F2_4 July 2014The growing use of mobile banking apps — including mortgage apps — presents another potential vulnerability. 

“Banks are recognizing that the millennial generation represents the largest demographic in the U.S. today and will comprise more than 50% of the workforce by 2017,” Banktech reported in February. “Millennials have grown up in a digital and always connected environment, heavily influenced by social media and instant results.” 

Financial firms have been eager to capitalize on that generation’s appetite for mobile, and 51% of smartphone users take advantage of mobile banking, including paying bills, depositing checks and checking balances, according to Federal Reserve data. More and more of the mortgage application and approval process is moving to mobile as well. 

One of the mortgage software companies seeking to develop that trend is Roostify, a web and mobile service that offers a digitized application-to-closing process. Rajesh Bhat, Roostify’s CEO, disagrees that digital mortgages are more vulnerable than a traditional paper process. 

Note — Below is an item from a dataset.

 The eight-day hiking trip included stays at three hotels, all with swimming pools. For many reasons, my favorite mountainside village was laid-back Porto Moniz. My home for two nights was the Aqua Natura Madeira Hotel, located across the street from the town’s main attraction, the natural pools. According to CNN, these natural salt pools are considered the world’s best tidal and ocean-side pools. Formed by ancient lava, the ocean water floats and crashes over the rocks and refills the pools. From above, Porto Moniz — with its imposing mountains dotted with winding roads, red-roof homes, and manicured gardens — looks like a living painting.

“There’s a certain amount of trust in traditional paper documents that they seemingly can’t be tampered with,” Bhat said. “But when I applied for my first mortgage, which was very paper-intensive, I wound up faxing documents and emailing them, which are both potentially hazardous ways of transferring information. 

“When information can be pulled directly from the financial institution and delivered directly, you have significantly reduced the opportunity for fraud. (With Roostify) everything is encrypted in transit, the stored information is encrypted, and we’re encrypting the entire loan application provided by the borrower,” he said. 

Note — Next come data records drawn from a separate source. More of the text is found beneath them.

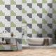 Añada un toque de modernidad a su espacio con nuestro fondo de pantalla geométrico, mostrando una mezcla de círculos, cuadrados y triángulos en tonos verde, gris y blanco mutado. Este diseño contemporáneo aporta un toque elegante y sutil a cualquier habitación, ideal para quienes buscan crear un ambiente único y acogedor. Perfecto para salas de estar, dormitorios o salas de juegos, este papel pintado es fácil de aplicar y de construir hasta el final.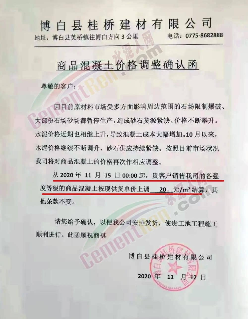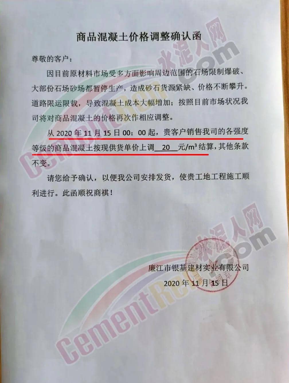 按照目前市場(chǎng)狀況公司將對(duì)商品混凝土的價(jià)格再次作相應(yīng)調(diào)整。從2020年11月15日0時(shí)起,公司各強(qiáng)度等級(jí)的商品混凝土按現(xiàn)供貨單價(jià)上調(diào)20元/立方結(jié)算,其他條款不變。
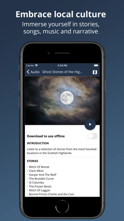 Audio to accompany you - Be moved by music and songs and enjoy stories about the surrounding area.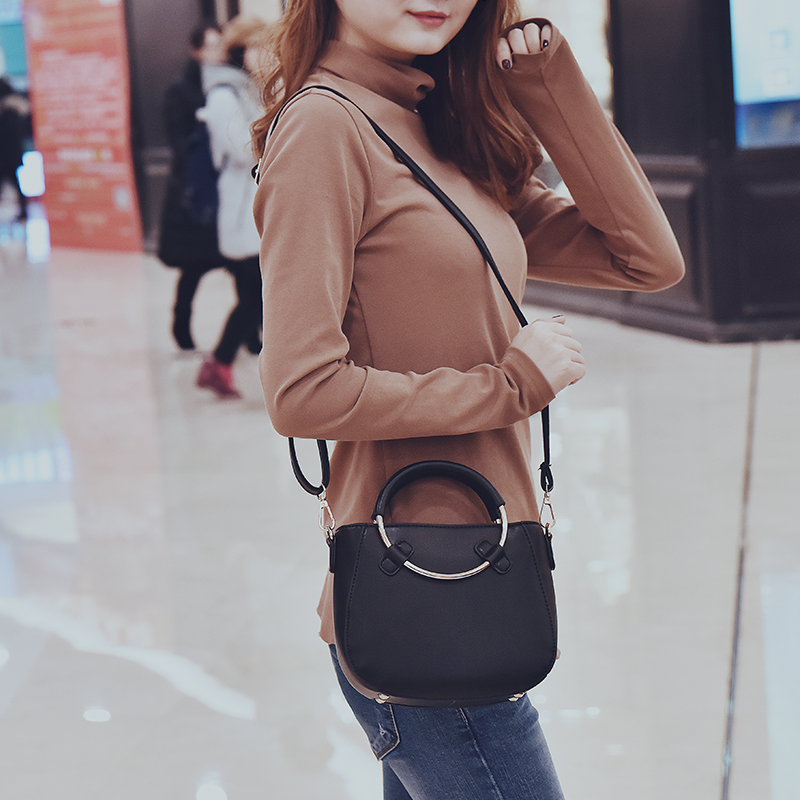 斜挎包女小包包韓版新款復古圓環迷你手提包簡約百搭單肩女包

In fact, Bhat would argue that the automation, which allows for strict permission on which people have the ability to view the information and take action on it, makes the data safer than a paper process. 

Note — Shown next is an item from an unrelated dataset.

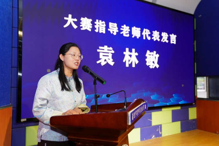 大赛指导教师代表袁林敏分享了备赛历程与育人经验,系统复盘了赛事经历,充分展现了系部教师潜心育人、精心竞技的专业能力与责任担当。现场通过视频回顾了参赛选手备赛与竞赛的精彩瞬间,记录了他们在技能逐梦道路上付出的汗水、坚持与收获的荣誉。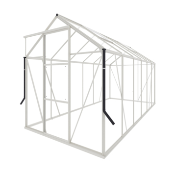 Met de Royal Well Kate IV kweekkas in het wit haal je een echte aanwinst voor je tuin in huis! De kas biedt een ruime binnenoppervlakte van 7,16 m², perfect voor het kweken van een breed scala aan planten. Gemaakt van stevig aluminium en veiligheidsglas, biedt deze kas zowel bescherming voor je gewassen als een duurzame bouw. Het zadeldak en de schuifdeur zorgen voor een moderne uitstraling en een praktische toegang tot je kweekruimte. De geïntegreerde fundering maakt de opzet eenvoudig, en als je de kas op onverharde grond plaatst, kun je extra funderingankers toevoegen voor extra stabiliteit. Dankzij de dakgoten met regenpijpen kun je regenwater opvangen en hergebruiken voor je planten. Het Full Options pakket bevat alles wat je nodig hebt om meteen aan de slag te gaan, inclusief schappen, tomatenspiralen en andere handige accessoires. De Kate IV is daarmee de ideale kas voor iedereen die met plezier wil tuinieren!

To be sure, a paper process has its own pitfalls, and almost all transactions are some combination of paper and digital already. A study published by Travelers Insurance in March found that 73% of identity fraud still occurs from offline sources, including old fashioned theft of wallets and purses. 

One of the biggest threats to data can come from within organizations, from negligent or malicious employees. Employee negligence ranges from losing control of laptops or other mobile devices to using the same passwords for both home and business applications. For lenders specifically, taking shortcuts can mean the difference between secure and wide open. 

“The lowest hanging fruit is still humans,” said Ken Westin, a security researcher for Tripwire, in an interview with PC World. “As long as attacks against humans still work consistently, attackers will use them on their own, or as part of sophisticated, integrated campaigns.”